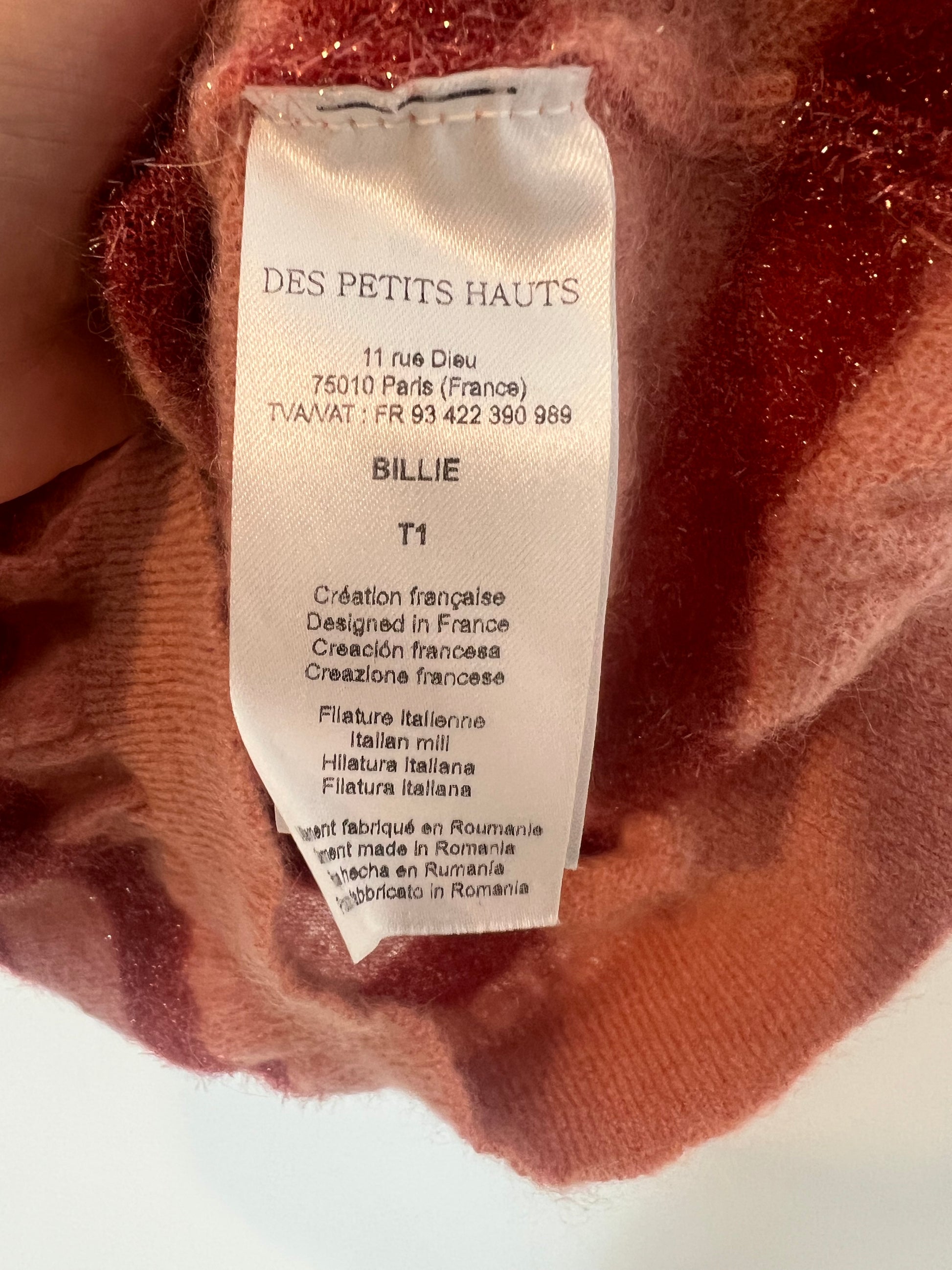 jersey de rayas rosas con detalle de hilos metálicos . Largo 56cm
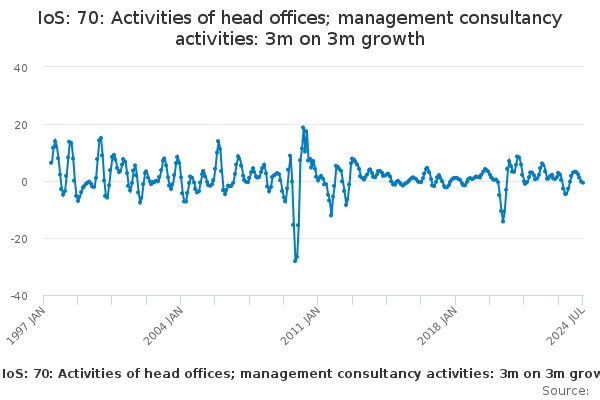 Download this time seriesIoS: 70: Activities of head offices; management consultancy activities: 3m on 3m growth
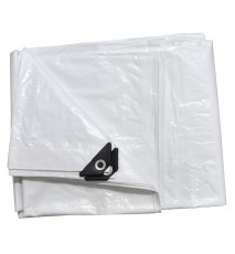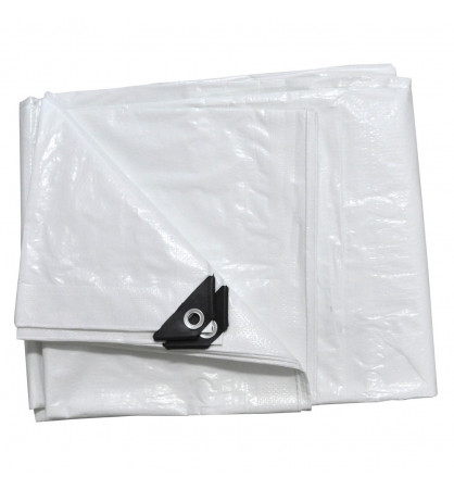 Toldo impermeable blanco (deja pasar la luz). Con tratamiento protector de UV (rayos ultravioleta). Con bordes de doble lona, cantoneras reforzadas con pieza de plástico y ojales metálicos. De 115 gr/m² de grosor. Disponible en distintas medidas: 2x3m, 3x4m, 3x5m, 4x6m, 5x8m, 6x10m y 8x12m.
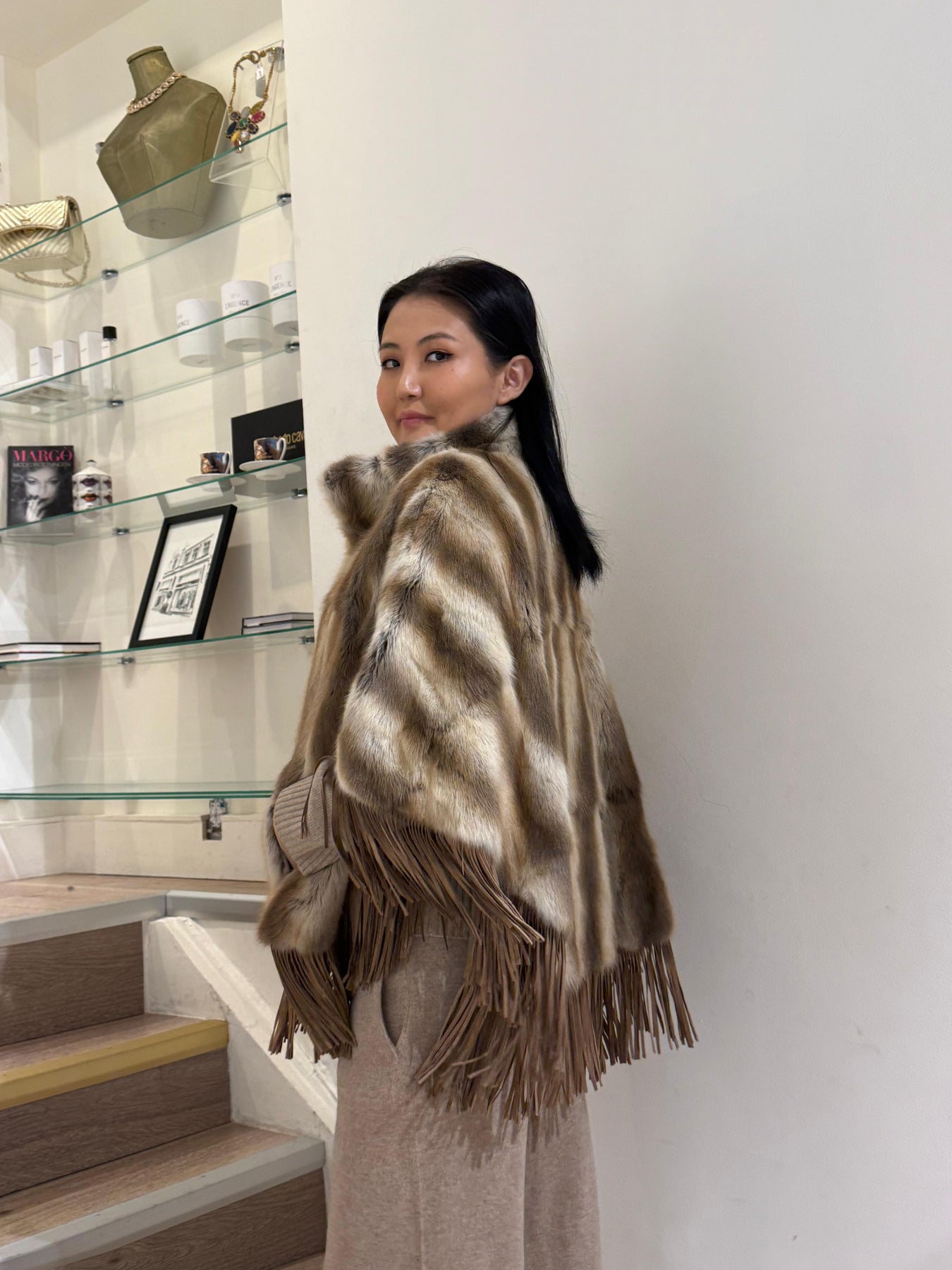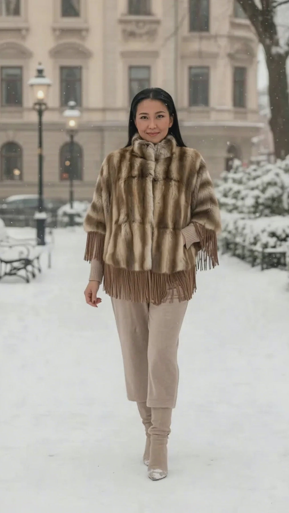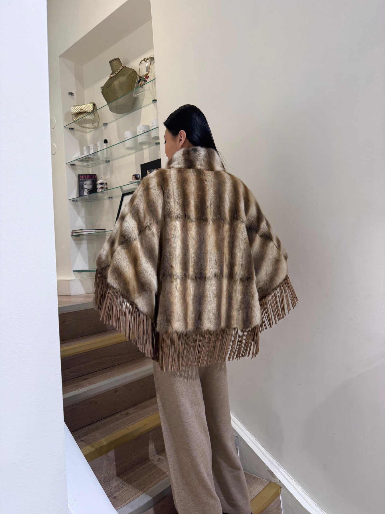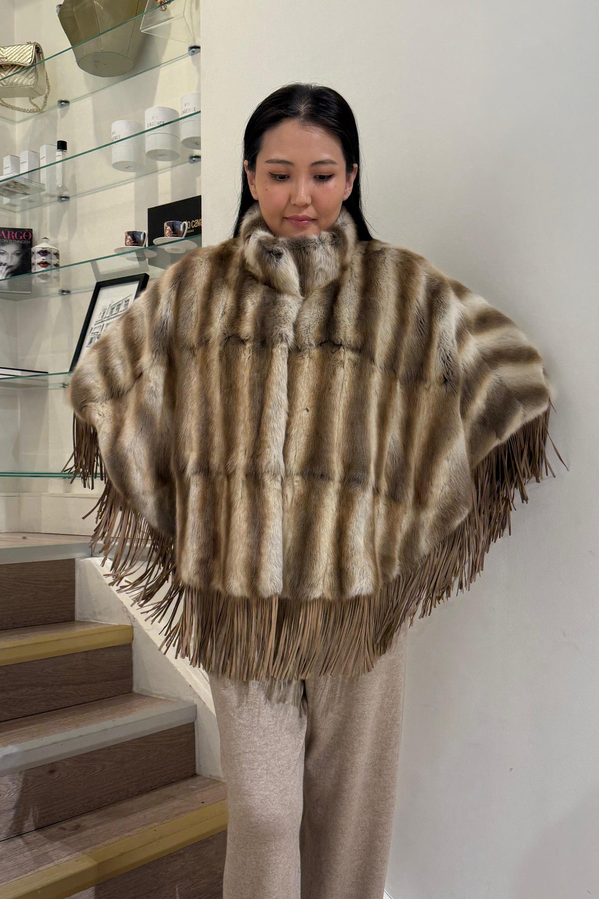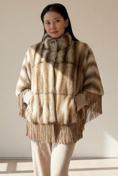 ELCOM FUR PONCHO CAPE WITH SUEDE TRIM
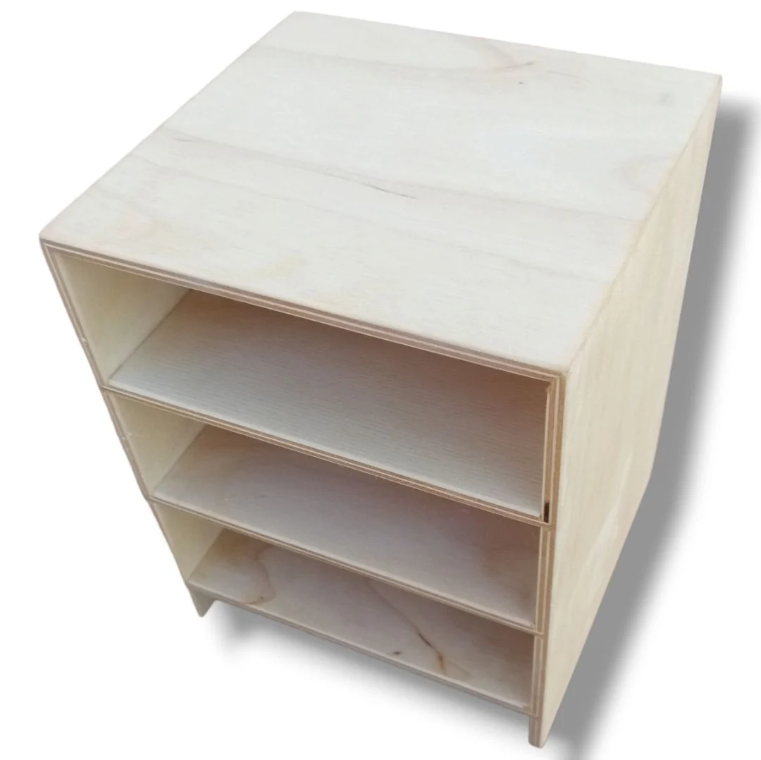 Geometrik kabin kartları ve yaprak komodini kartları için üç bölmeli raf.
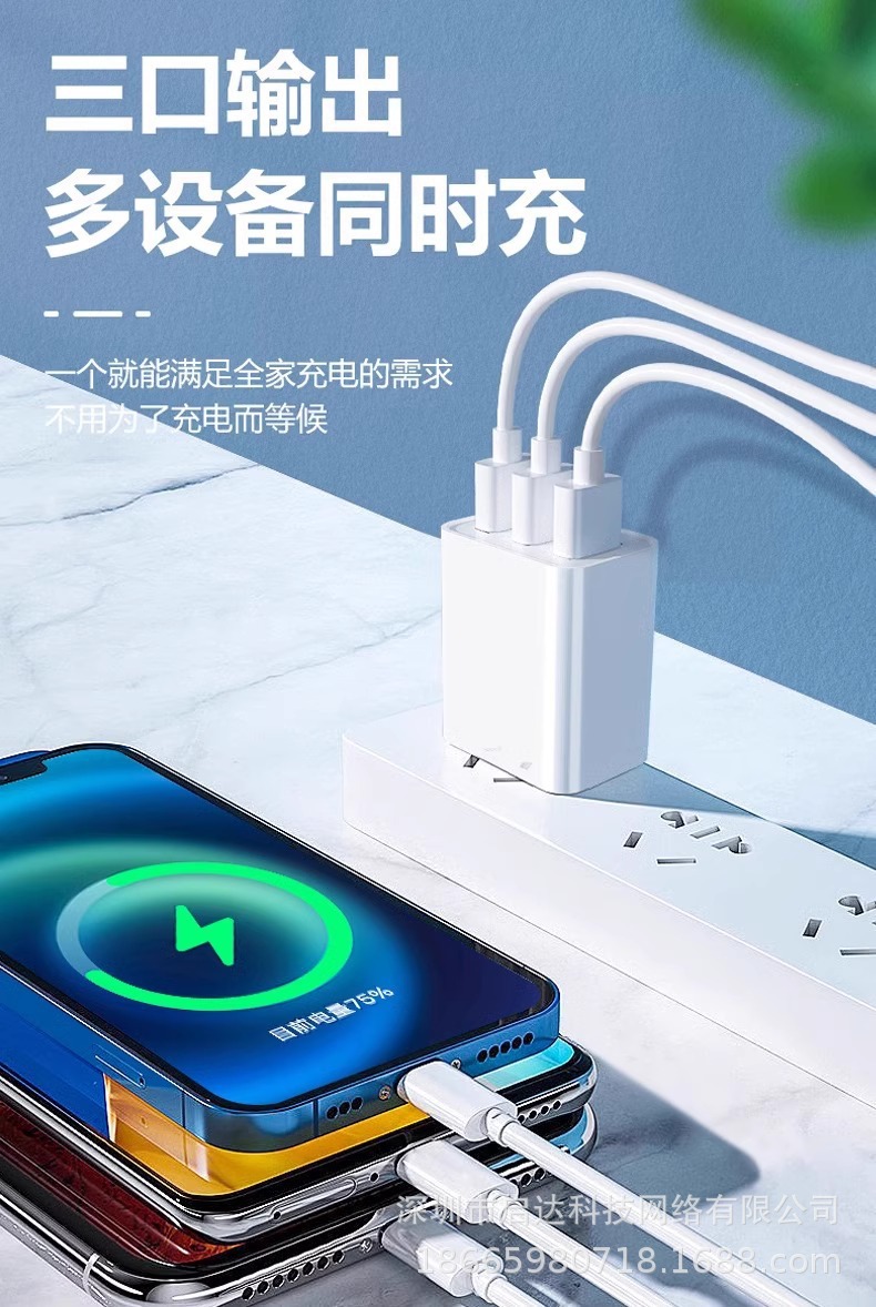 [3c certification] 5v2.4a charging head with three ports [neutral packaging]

WHAT YOU NEED TO DO: Pictures are to be left out; otherwise, copy exactly each line from the one containing "Geometrik kabin kartları" through the last line of the listing.

TASK SOLUTION:
 Geometrik kabin kartları ve yaprak komodini kartları için üç bölmeli raf.
 [3c certification] 5v2.4a charging head with three ports [neutral packaging]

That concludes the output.